La sécurité devient collective quand plusieurs États se groupent afin de globaliser la réponse qu’ils apportent à leur besoin individuel de sécurité et se défendre ensemble contre les agressions objet de l'accord visant un ou plusieurs d'entre eux. L’alliance interétatique est la forme la plus ancienne de sécurité collective dont l'histoire démontre pourtant la fragilité, les renversements d'alliances ayant été fréquents. Pour durer et atteindre son but, elle implique de la part des États membres une forte communauté d'intérêts, l'acceptation de règles de gouvernance collective et donc un certain degré de subordination au collectif et un engagement fort de chaque État à appliquer effectivement les clauses de solidarité et de sécurité collective prévues. Les traités prévoient le plus souvent que les décisions les plus importantes sont prises à l'unanimité, ce qui limite la perte d'indépendance nationale des États membres, mais aussi fragilise les prises de décision en situation d'urgence. Les États membres retirent de leur alliance un surcroît de puissance face à l’extérieur ; a contrario, loin de jouer un rôle dissuasif ou préventif, les alliances contribuent à la perception de nouvelles menaces par les États tiers qui peuvent être tentés de créer une contre-alliance, alimentant ainsi les tensions internationales[25].
L'Europe est la région du monde où la sécurité collective est la plus organisée, à travers l'OTAN et l'Union européenne[25] :
La Charte des Nations unies[29] élève la sécurité collective à une dimension universelle que ne possède par nature pas les alliances interétatiques qui ne visent qu'à augmenter le niveau de sécurité de leurs membres. L'ONU n'a cependant pas atteint ce niveau d'ambition initial, ne serait-ce qu'en raison de la nécessité de trouver un consensus entre les cinq membres permanents du Conseil de sécurité pour engager une action de quelque nature que ce soit.
La politique de sécurité nationale est à la fois réactive, en ce qu'elle prévoit les scénarios et les moyens associés de réponse si telle ou telle menace se matérialise, et proactive en ce qu'elle identifie les actions à mener pour prévenir les menaces potentielles ou en diminuer l'impact.

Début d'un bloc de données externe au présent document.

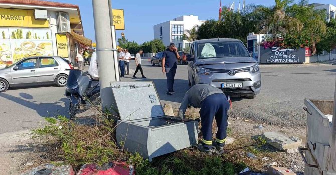 Manavgat'ta kavşak sisteminde hafif ticari araç ile otomobilin çarpışması sonucu meydana gelen kazada kontrolden çıkan araç elektrik panosuna çarparak durabildi.

Par exemple, les stratégies de dissuasion nucléaire visent à ramener à un niveau très faible la probabilité d'une attaque d'importance contre le territoire national ou les intérêts les plus vitaux de la nation. Dans les zones à fort risque sismique, l'adoption et la mise en œuvre de normes de construction antisismiques et de plans d'urgence ne diminuent pas la probabilité d'occurrence d'un tremblement de terre mais en limitent les conséquences sur les personnes et les biens. Les politiques de développement menées par les pays riches favorisent la stabilité mondiale, contribuent à prévenir des situations de crises régionales et diminuent les risques de ne plus pouvoir accéder à des matières premières stratégiques.
La spécification détaillée de la stratégie de sécurité nationale inclut l'analyse du contexte géopolitique global, l'identification des risques et menaces contre lesquels se protéger et leur hiérarchisation, la définition d'une posture globale de sécurité nationale et de politiques opérationnelles, et enfin le niveau des ressources allouées.

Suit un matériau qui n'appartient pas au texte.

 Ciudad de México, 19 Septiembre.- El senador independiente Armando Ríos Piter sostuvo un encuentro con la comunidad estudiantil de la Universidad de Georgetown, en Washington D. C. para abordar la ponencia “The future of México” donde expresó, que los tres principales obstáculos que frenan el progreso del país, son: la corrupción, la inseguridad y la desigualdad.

Le document de stratégie du Royaume-Uni de 2010 décrit dans son introduction l'approche méthodologique suivie en ces termes : « comme toute stratégie, la stratégie de sécurité nationale combine la définition des objectifs concrets poursuivis, des politiques et moyens retenus, et des ressources qui lui sont allouées. Cette définition s'appuie sur une analyse réaliste et prospective du contexte stratégique global, des principaux risques et de leur hiérarchisation. La stratégie repose enfin sur une vision volontariste de la place que le Royaume-Uni veut avoir dans le monde et des objectifs généraux attachés »[30].
Les politiques de sécurité nationale s'adaptent aux évolutions du contexte global des relations internationales, qui connaît depuis la seconde Guerre mondiale trois époques successives. La première est celle du monde bipolaire de la guerre froide, dominé par les États-Unis et l'Union soviétique, globalement stable, où les conflits périphériques sont le plus souvent contrôlés par ces deux grandes puissances. Avec l'effondrement du bloc soviétique en 1990 s'ouvre une deuxième époque, celle d'un monde unipolaire fortement marqué par l'hégémonie des États-Unis, seule puissance mondiale, qui n'hésitent pas à intervenir dans toutes les régions du monde[31].

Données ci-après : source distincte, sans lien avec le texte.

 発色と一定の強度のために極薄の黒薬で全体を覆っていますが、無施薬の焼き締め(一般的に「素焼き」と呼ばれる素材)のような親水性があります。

Depuis le début des années 2010, le monde s'installe progressivement dans une troisième époque marquée par l'émergence de puissances régionales fortes, la Chine, la Russie ou l'Inde, capables de contester l'hégémonie des États-Unis qui ne peuvent plus imposer leur stratégie partout dans le monde bien qu'ils soient encore d'assez loin la première puissance mondiale.
Cette évolution vers un monde multipolaire est décrite dans la Politique de sécurité nationale des États-Unis en 2015 qui voit cinq tendances majeures d'évolution du contexte géopolitique : le rôle croissant de la Chine, de l'Inde et de la Russie, l'émergence de nouveaux acteurs non-étatiques capables de déstabiliser des États, l'interdépendance économique des États et les vulnérabilités en résultant aux activités criminelles et aux risques naturels et de santé, l'instabilité durable au Moyen-Orient et la dépendance énergétique des pays occidentaux (à l'exception des États-Unis eux-mêmes) et de nombreux pays émergents[4].
Dans son livre blanc 2015 de stratégie militaire, la Chine formalise ainsi sa vision du contexte mondial : « Les tendances mondiales vers la multipolarité et la mondialisation économique s'intensifient. » et si « dans un avenir prévisible, une guerre mondiale est peu probable (...), la compétition internationale (...) tend à s'intensifier et les activités terroristes deviennent de plus en plus inquiétantes. »[32].
La politique de sécurité consiste à identifier les risques et les menaces afin soit d'en prévenir l'occurrence, ou du moins en réduire la probabilité d'occurrence, soit d'en limiter les conséquences. Les risques et les menaces contre un État peuvent être idéologiques, économiques, militaires, épidémiologiques, naturels. Il en résulte que l'emploi d'une grande variété de moyens peut être considéré dès lors qu'il s'agit d'anticiper les situations de crise. La diplomatie est à cet égard un vecteur fondamental de la sécurité nationale en amont de la puissance militaire.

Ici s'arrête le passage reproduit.